Fragmentation due to Desiccation and Shallow Failures in Clay Slopes

Abstract

High temperatures can be very damaging to clays forming part of natural slopes. High temperatures cause cracking of the clays. The cracking is the result of evaporation and shrinkage. The present study deals with the formation and evolution of cracks in clays as result of high temperatures. At the beginning of the desiccation process of a clay, few cracks form. As time passes, these original cracks interconnect producing the complete fragmentation of the clay. At the end of the fragmentation process, the clay is formed of clay fragments of different sizes. This study uses the fractal dimension concept from fractal theory to measure the particle size distribution of the fragments. The fractal analysis was conducted on bentonite clay samples desiccated in the laboratory and on the giant desiccation polygons found in clays forming part of the Great Basin Playas in the United States. These giant desiccation polygons have three very distinctive shapes: regular random, irregular random, and orthogonal polygon.
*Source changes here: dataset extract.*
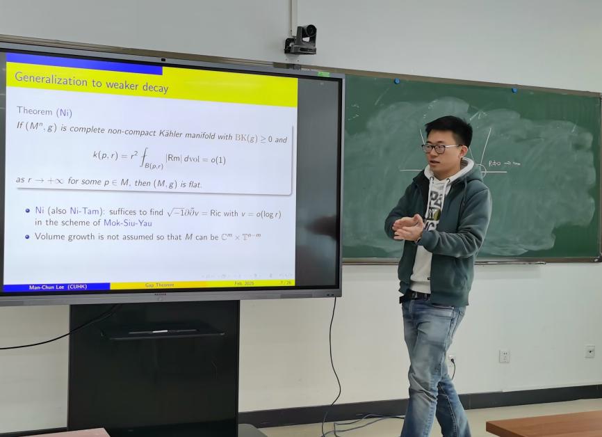 2025年2月20日上午,香港中文大学助理教授李文俊(Man-Chun Lee)受邀为best365英国体育在线师生作了题为“Gap theorem on manifolds using Ricci flow”的学术报告,报告在E404举行,由张世金老师主持。这个报告也是数学公司微分几何讨论班(2025年春季)系列学术报告中的第2讲。

The level of fragmentation of the clays was measured by the fragmentation fractal dimension. The fragmentation fractal dimension was found to be equal to 2.21 for the regular random polygons, 1.96 for the irregular random polygons, and 3.89 for the orthogonal desiccation polygons. The effect of the level of fragmentation on the stability of shallow failures that the desiccated clay areas could develop is also analyzed in this study.